# Convincing parents



## 34KING18 (Jun 24, 2012)

Do you guys know of any good ways to convince your parents to let you get a tortoise? My mom keeps on complaining that the electric bill is going to cost a fortune and that she doesn't want the house to be dirty from the tortoise. I can't think of a way to convince her to let me get one. If you guys are going to give the siggestion of paying it for myself, I mow 2 yards on my street and get paid but my mom won't let me buy it with my money becuase she wants me to save it up for a car or for college! Can you guys give some advice or help?


----------



## jaizei (Jun 24, 2012)

If it is going to take convincing to get one, what if you need to take it to the vet? How are you going to convince her that a trip to the vet is necessary? And who will pay? 

There isn't any hurry. Wait til you're out on your own. Then you can get as many as you like.


----------



## bigred (Jun 24, 2012)

Im going to be honest with you and you can give this a try. Bug the crap out of them until they get it for you just to shut you up. Your a kid you can get away with it


----------



## wellington (Jun 24, 2012)

The start up cost is not cheap. MVB, Che, substrate, housing, water dish, food tile, supplements, around $200.00. That's not the purchase of the tortoise yet or the food, outdoor enclosure or vet visits if needed.

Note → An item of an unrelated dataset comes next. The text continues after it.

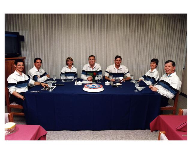 The STS-83 flight crew enjoys the traditional pre-liftoff breakfast in the crew quarters of the Operations and Checkout Building. They are (from left): Payload Specialist Gregory T. Linteris; Mission Specialist Donald A. Thomas; Pilot Susan L. Still; Mission Commander James D. Halsell, Jr.; Mission Specialist Michael L. Gernhardt; Payload Commander Janice E. Voss; and Payload Specialist Roger K. Crouch. After a weather briefing, the flight crew will be fitted with their launch/entry suits and depart for Launch Pad 39A. Once there, they will take their positions in the crew cabin of the Space Shuttle Columbia to await a liftoff during a window that will open at 2:00 p.m. EST, April 4

I say ask to do chores for spending money or cut more lawns. Ask if you came up with half the start up cost if your parents could do pay the rest. Another idea, ask for all the stuff you will need for a tort on your birthday, Xmas, and holiday you get gifts. Sweet talk grandparents, aunts and uncles. Good luck


----------



## Blakem (Jun 24, 2012)

I think waiting is a good idea. If you don't get from a breeder on the forum, you don't know what condition it will be in. This may be bad because it could suddenly be sick! My mom thought my tortoise was gross (crazy, I know) at first. I too still live at home. I offered to pay for the extra findings for the electric. But, they came to enjoy my Russian tortoise. I got lucky. I tried begging at first, and talking about it, but they decided I didn't need one. It turned out for the better. Also, it really depends on what species and age of turtle/tortoise you get. My Russian did not cost as much, but my sulcata tortoise cost around 400$ to get everything set up. But, that was because my parents thought it would look better to have a tank for my hatchling. I didn't really do it the cheaper way. Good luck!


----------



## pdelpizzo (Jun 24, 2012)

I'll just say I had no idea how much tortoise keeping would cost when I bought my Russians 2 years ago. It was easy to calculate the obvious enclosure and tortoise acquisition expenses but the less tangible things like food, vet, or unplanned changes to your enclosure really add up. My last trip to the vet was very very pricey! It would be difficult to have to deal with those things if I had to rely on my parents to help me pay. That said, I do like the idea of getting the stuff you need for Christmas and Birthday gifts.


----------



## cljohnson (Jun 24, 2012)

As I mentioned in your previous threads I totally appreciate your enthusiasm. 
Don't forget that the tortoise is a lifelong commitment. 
I believe you were interested in Russians. 
The trick is not to get them to let you have a Tortoise but to get them interested in tortoises. 
Show them your knowledge and aptitude for keeping tortoises. 
Sometimes it's up to kids to teach their parents. 
I would try to record and watch Discovery Channel or Animal planet shows with tortoises topics. 
Someday you are going to go off to college and they're going to be in charge of your Torts. 
If you follow this logic. You will need new torts when you get older and can visit your parents torts when you visit. 
WIN WIN


----------



## Madkins007 (Jun 24, 2012)

I usually side with the parents on this sort of thing, but may have a compromise that may work- North American box turtles. MUCH simpler housing, lower bills, etc. Can be housed outdoors most of the year in much of the US. Lower initial cost (so more money for car/college), etc.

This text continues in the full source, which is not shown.